-- Items from a dataset --
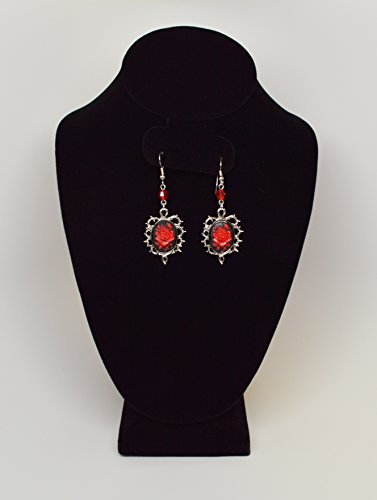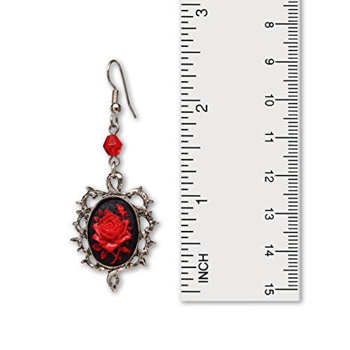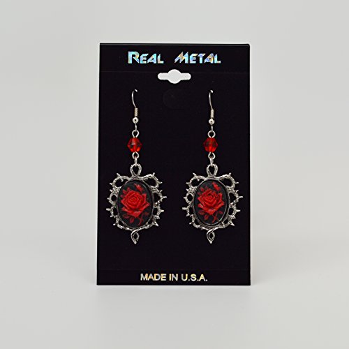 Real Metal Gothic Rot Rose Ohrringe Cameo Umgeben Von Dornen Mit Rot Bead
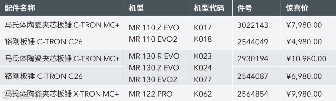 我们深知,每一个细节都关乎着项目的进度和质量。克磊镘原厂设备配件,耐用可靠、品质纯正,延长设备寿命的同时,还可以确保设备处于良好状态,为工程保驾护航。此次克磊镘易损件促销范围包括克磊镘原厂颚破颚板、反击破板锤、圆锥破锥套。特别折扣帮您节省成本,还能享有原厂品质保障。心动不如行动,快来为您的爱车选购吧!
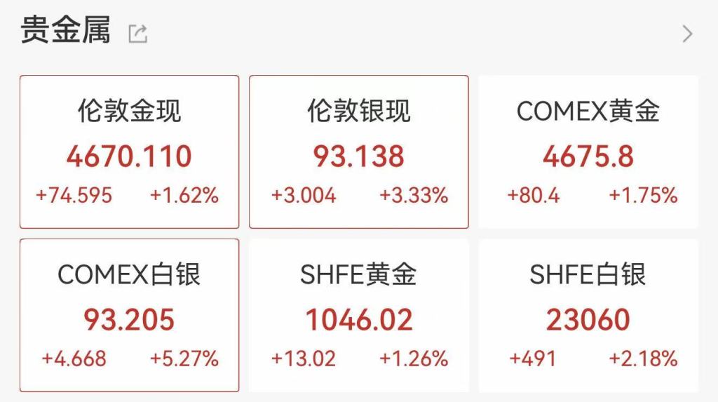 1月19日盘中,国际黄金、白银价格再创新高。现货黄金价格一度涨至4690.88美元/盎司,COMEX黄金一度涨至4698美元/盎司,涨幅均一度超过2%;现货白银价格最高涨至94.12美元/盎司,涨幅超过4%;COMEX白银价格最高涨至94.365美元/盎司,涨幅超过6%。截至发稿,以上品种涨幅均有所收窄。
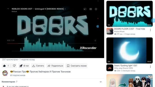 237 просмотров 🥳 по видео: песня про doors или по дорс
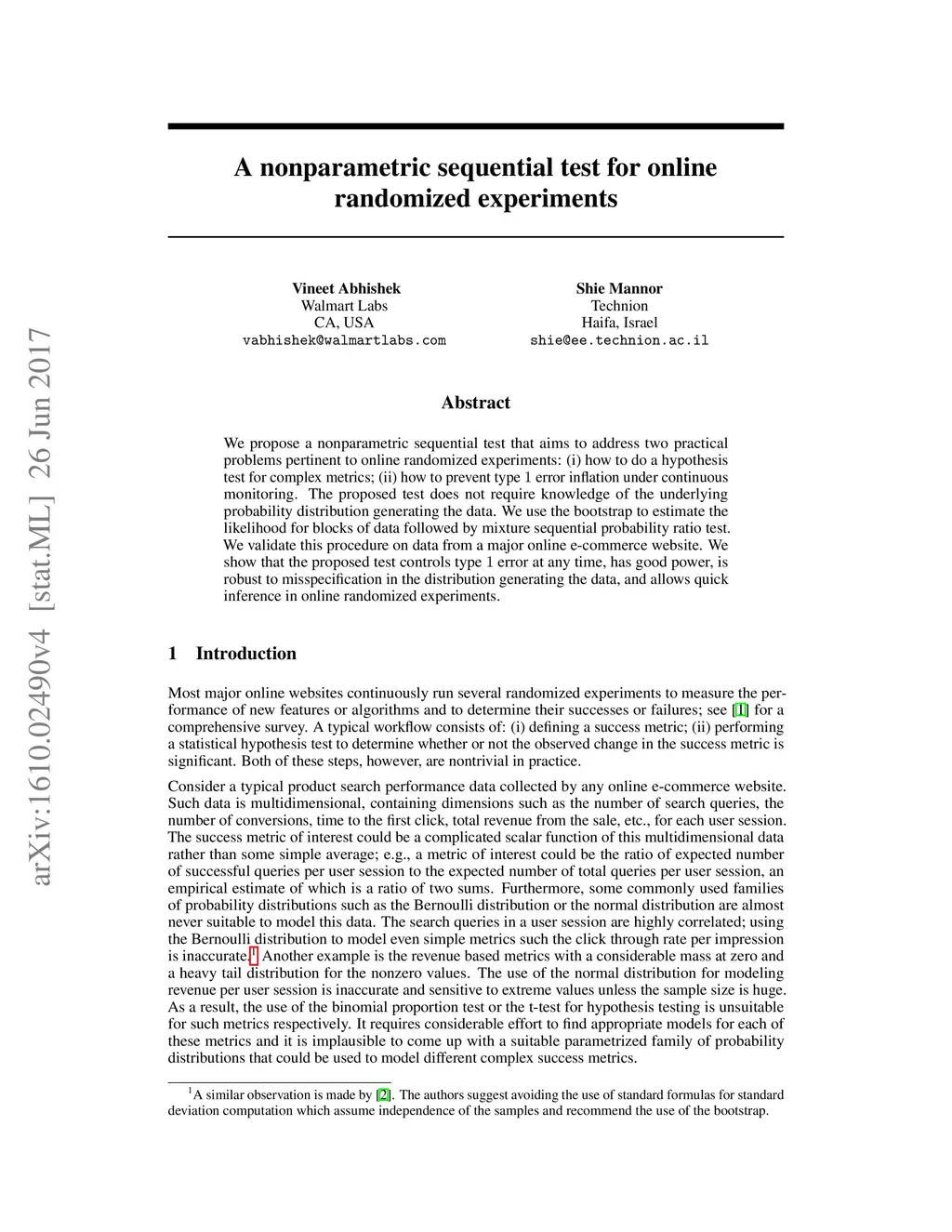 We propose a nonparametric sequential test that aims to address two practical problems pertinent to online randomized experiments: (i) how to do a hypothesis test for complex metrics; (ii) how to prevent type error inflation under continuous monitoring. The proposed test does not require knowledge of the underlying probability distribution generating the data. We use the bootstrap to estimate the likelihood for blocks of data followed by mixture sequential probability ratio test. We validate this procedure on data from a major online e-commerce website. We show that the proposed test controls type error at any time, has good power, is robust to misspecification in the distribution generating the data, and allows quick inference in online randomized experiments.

-- Exercise instructions --
Without including any pictures, copy every line above exactly.

-- Your solution --
 Real Metal Gothic Rot Rose Ohrringe Cameo Umgeben Von Dornen Mit Rot Bead
 我们深知,每一个细节都关乎着项目的进度和质量。克磊镘原厂设备配件,耐用可靠、品质纯正,延长设备寿命的同时,还可以确保设备处于良好状态,为工程保驾护航。此次克磊镘易损件促销范围包括克磊镘原厂颚破颚板、反击破板锤、圆锥破锥套。特别折扣帮您节省成本,还能享有原厂品质保障。心动不如行动,快来为您的爱车选购吧!
 1月19日盘中,国际黄金、白银价格再创新高。现货黄金价格一度涨至4690.88美元/盎司,COMEX黄金一度涨至4698美元/盎司,涨幅均一度超过2%;现货白银价格最高涨至94.12美元/盎司,涨幅超过4%;COMEX白银价格最高涨至94.365美元/盎司,涨幅超过6%。截至发稿,以上品种涨幅均有所收窄。
 237 просмотров 🥳 по видео: песня про doors или по дорс
 We propose a nonparametric sequential test that aims to address two practical problems pertinent to online randomized experiments: (i) how to do a hypothesis test for complex metrics; (ii) how to prevent type error inflation under continuous monitoring. The proposed test does not require knowledge of the underlying probability distribution generating the data. We use the bootstrap to estimate the likelihood for blocks of data followed by mixture sequential probability ratio test. We validate this procedure on data from a major online e-commerce website. We show that the proposed test controls type error at any time, has good power, is robust to misspecification in the distribution generating the data, and allows quick inference in online randomized experiments.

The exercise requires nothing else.